Accurately detecting SYN Flooding is a relevant security problem, with one main goal—being able to accurately detect a malicious packet and blacklist future packets, without accidentally treating a legitimate packet as a malicious one. After all, companies or organizations want to be able to have their clients access their servers without being blocked, without being vulnerable to attacks. We found the focus on improving true positive rate and decreasing false positive rate to be very important in this field. The other issue with SYN Flooding is that you want to be able to detect it without inspecting every single packet, and we are curious to see if their sampling scheme actually provides reliable results without sacrificing accuracy. 

Reproducing the Results

While this paper is about detecting SYN Floods, in order to do this reproduction of results, we are following their definition of a SYN Flood—namely, a client SYN is malicious if the final client ACK is never sent. Based on this definition of a SYN flood, our goal in reproducing the results is to aim to see if their sampling methods accurately detect these specific instances to the same true positive/false positive rate. In other words, the focus is more on the effectiveness of their sampling techniques rather than detecting all possible types of SYN Floods. 
We aim to reproduce the three sampling schemes that they explain in the paper: Systematic, random 1-out-of-N, and uniform probabilistic sampling. We will pay attention to SYN flood sampling and not to port scanning behavior.  

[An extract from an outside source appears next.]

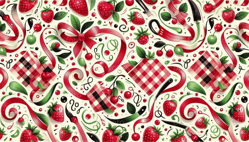 A Fruits Ribbon Fun abstract check cherry pattern, Ai generated image Фруктовая лента Забавный абстрактный образец чека вишневого цвета
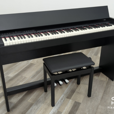 Dòng đàn Roland F100 với thiết kế nhỏ gọn, hệ phím nặng và độ nhạy cao cùng âm thanh mạnh mẽ độc quyền Piano Roland.

We used two main datasets, a CAIDA 2007 DDoS attack, and a NTUA 2003 DDoS attack. The NTUA attack was the original dataset used in the paper.  We got access to 2 more datasets, but unfortunately one of them did not properly work for our purposes (not a SYN Flood DDoS) and the other one had technical difficulties while downloading the dataset, and we were unable to get anyone to respond to our emails about fixing the problem. We considered making our own dataset by creating a SYN Flood attack, but ultimately decided that the CAIDA dataset was large enough (several gigabytes). 

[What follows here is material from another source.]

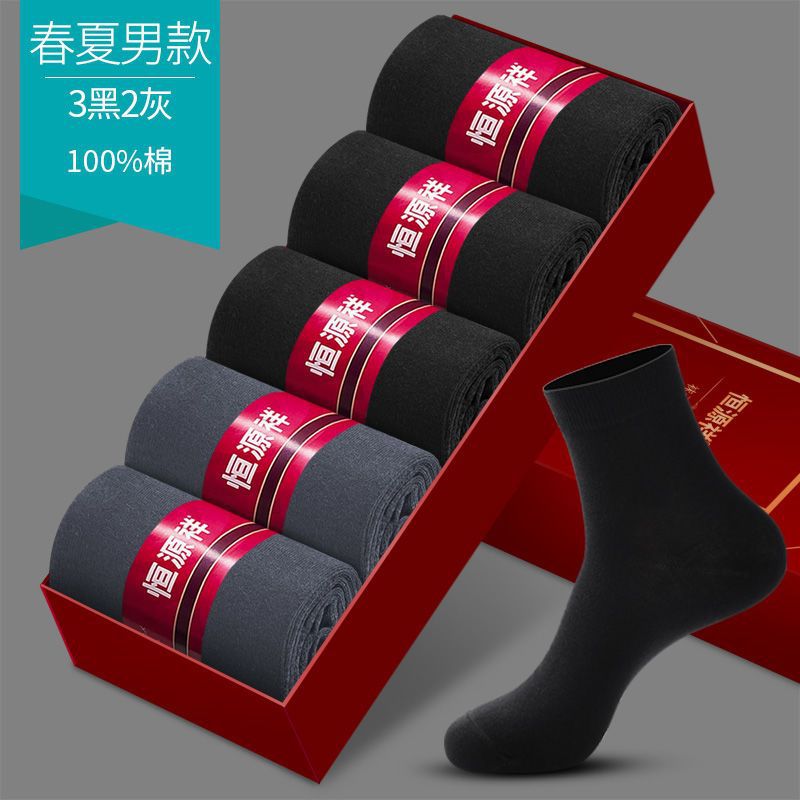 恒源祥袜子男纯棉中筒黑色四季透气吸汗商务棉秋冬厚款男袜_377 100%棉中筒袜 男士薄款-3黑2灰

One of the biggest challenges for this project was aquiring SYN Flooding datasets. After contacting the paper’s authors for weeks, we got access to their original datasets, but only 2 days before the deadline. So despite the fact that we found the paper’s implementation of the sampling methods very clear, we didn’t have much time to debug our original implementation of their detection/sampling methods to see why our graphs didn’t match the original. 
We also tried to find datasets available online, but unfortunately SYN Flood pcap files were surprisingly difficult to find, and when we did find them, they usually only had a few packets in them. When we proposed this paper, we assumed that there would be plenty of SYN Flood datasets available online, but they were actually only a few of them and all of them required applications/prior approval. We reached out to several places to apply to use their academic datasets, and fortunately acquired one very good dataset (CAIDA) with 16GB of a DDoS Syn Flood Attack.  This dataset was already preprocessed into pcap files, separating the packets being sent and received.
We also faced some unexpected implementation problems. We chose to use dpkt, a python library for processing pcap files. Unfortunately, after writing most of our code and testing on smaller datasets, we ran it on a larger file and discovered a memory leak in the library. This made it tricky to run our code on very large pcap files, and ended up capping the max number of packets we could process  and analyze to 27 million (on a machine running with 32 GB of RAM). 

Original Results

Here is the original graph from the paper. It’s checking the true positive/false positive rate of detecting malicious IPs corresponding to the sampling rate.  Both these graphs were calculated from packets corresponding to a high volume SYN Flood attack. You can see that after a certain sampling rate, the true positive rate goes close to 100%, and the false positive rate is incredibly low regardless of sampling rate (but has some small spikes around 0.04%-0.125%).
Our goal was to reproduce this graph, and see if we could get similar results with a different dataset. We did not include points at sampling rates that were smaller than 1 packet, and instead of keeping all 3 of the sampling methods in one graph, we plotted each one individually.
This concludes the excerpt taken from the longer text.